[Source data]
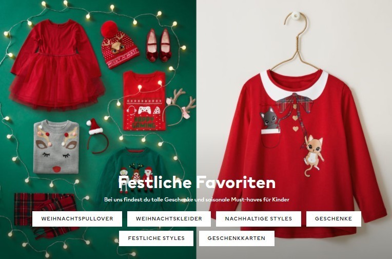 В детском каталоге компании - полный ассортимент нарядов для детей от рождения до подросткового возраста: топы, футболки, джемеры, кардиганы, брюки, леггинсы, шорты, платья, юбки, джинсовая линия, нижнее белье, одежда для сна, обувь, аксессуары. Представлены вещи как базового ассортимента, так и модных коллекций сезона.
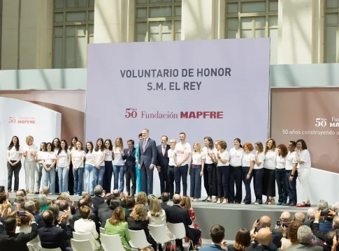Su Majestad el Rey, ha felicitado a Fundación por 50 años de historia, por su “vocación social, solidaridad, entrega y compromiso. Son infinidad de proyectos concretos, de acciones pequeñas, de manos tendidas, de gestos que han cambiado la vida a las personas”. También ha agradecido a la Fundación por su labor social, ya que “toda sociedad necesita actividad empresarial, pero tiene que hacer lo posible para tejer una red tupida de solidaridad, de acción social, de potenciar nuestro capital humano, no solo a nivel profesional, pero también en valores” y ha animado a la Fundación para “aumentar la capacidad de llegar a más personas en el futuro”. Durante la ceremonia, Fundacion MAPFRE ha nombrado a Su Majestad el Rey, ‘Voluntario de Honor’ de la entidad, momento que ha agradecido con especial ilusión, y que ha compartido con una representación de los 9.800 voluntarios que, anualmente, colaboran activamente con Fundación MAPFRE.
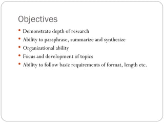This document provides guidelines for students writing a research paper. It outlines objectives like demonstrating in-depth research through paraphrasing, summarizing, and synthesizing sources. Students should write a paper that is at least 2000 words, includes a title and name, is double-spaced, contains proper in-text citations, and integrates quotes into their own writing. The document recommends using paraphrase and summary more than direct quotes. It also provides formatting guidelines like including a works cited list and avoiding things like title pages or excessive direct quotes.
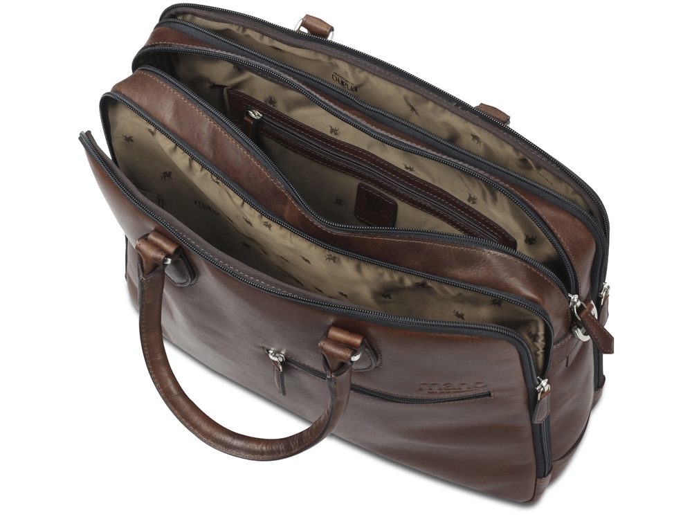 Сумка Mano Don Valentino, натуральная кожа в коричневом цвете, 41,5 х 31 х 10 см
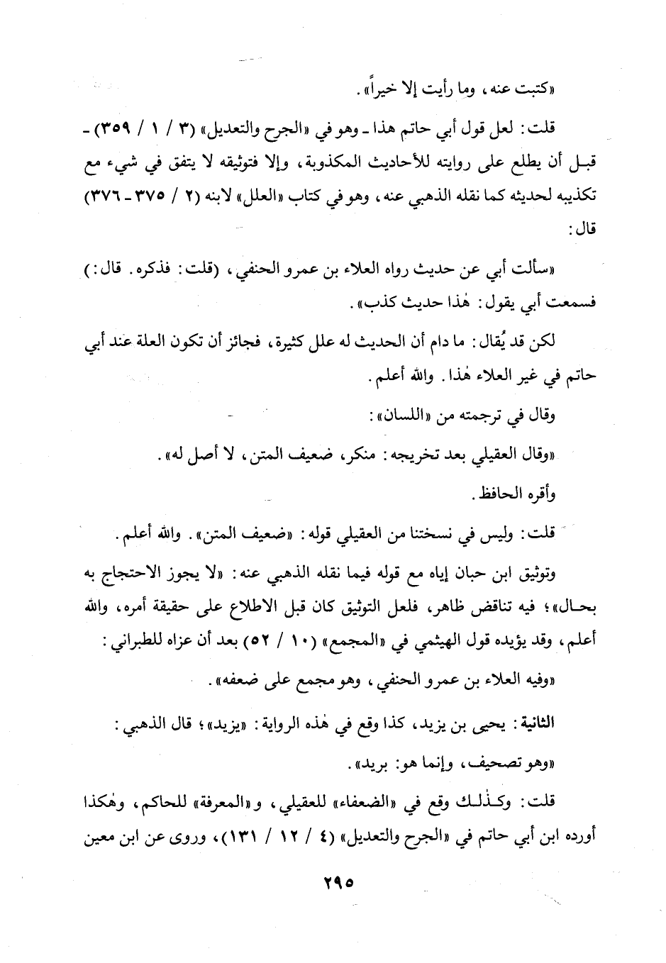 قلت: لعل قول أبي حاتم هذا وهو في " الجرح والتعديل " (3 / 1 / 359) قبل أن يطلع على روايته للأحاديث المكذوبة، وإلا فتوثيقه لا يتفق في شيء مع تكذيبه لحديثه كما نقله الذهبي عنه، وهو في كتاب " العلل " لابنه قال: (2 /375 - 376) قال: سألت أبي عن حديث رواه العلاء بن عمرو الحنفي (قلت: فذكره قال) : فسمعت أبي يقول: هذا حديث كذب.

**What you are asked to do:**
Would you write out an exact copy of the entries above, with no images?

**Result of the exercise:**
 В детском каталоге компании - полный ассортимент нарядов для детей от рождения до подросткового возраста: топы, футболки, джемеры, кардиганы, брюки, леггинсы, шорты, платья, юбки, джинсовая линия, нижнее белье, одежда для сна, обувь, аксессуары. Представлены вещи как базового ассортимента, так и модных коллекций сезона.
Su Majestad el Rey, ha felicitado a Fundación por 50 años de historia, por su “vocación social, solidaridad, entrega y compromiso. Son infinidad de proyectos concretos, de acciones pequeñas, de manos tendidas, de gestos que han cambiado la vida a las personas”. También ha agradecido a la Fundación por su labor social, ya que “toda sociedad necesita actividad empresarial, pero tiene que hacer lo posible para tejer una red tupida de solidaridad, de acción social, de potenciar nuestro capital humano, no solo a nivel profesional, pero también en valores” y ha animado a la Fundación para “aumentar la capacidad de llegar a más personas en el futuro”. Durante la ceremonia, Fundacion MAPFRE ha nombrado a Su Majestad el Rey, ‘Voluntario de Honor’ de la entidad, momento que ha agradecido con especial ilusión, y que ha compartido con una representación de los 9.800 voluntarios que, anualmente, colaboran activamente con Fundación MAPFRE.
This document provides guidelines for students writing a research paper. It outlines objectives like demonstrating in-depth research through paraphrasing, summarizing, and synthesizing sources. Students should write a paper that is at least 2000 words, includes a title and name, is double-spaced, contains proper in-text citations, and integrates quotes into their own writing. The document recommends using paraphrase and summary more than direct quotes. It also provides formatting guidelines like including a works cited list and avoiding things like title pages or excessive direct quotes.
 Сумка Mano Don Valentino, натуральная кожа в коричневом цвете, 41,5 х 31 х 10 см
 قلت: لعل قول أبي حاتم هذا وهو في " الجرح والتعديل " (3 / 1 / 359) قبل أن يطلع على روايته للأحاديث المكذوبة، وإلا فتوثيقه لا يتفق في شيء مع تكذيبه لحديثه كما نقله الذهبي عنه، وهو في كتاب " العلل " لابنه قال: (2 /375 - 376) قال: سألت أبي عن حديث رواه العلاء بن عمرو الحنفي (قلت: فذكره قال) : فسمعت أبي يقول: هذا حديث كذب.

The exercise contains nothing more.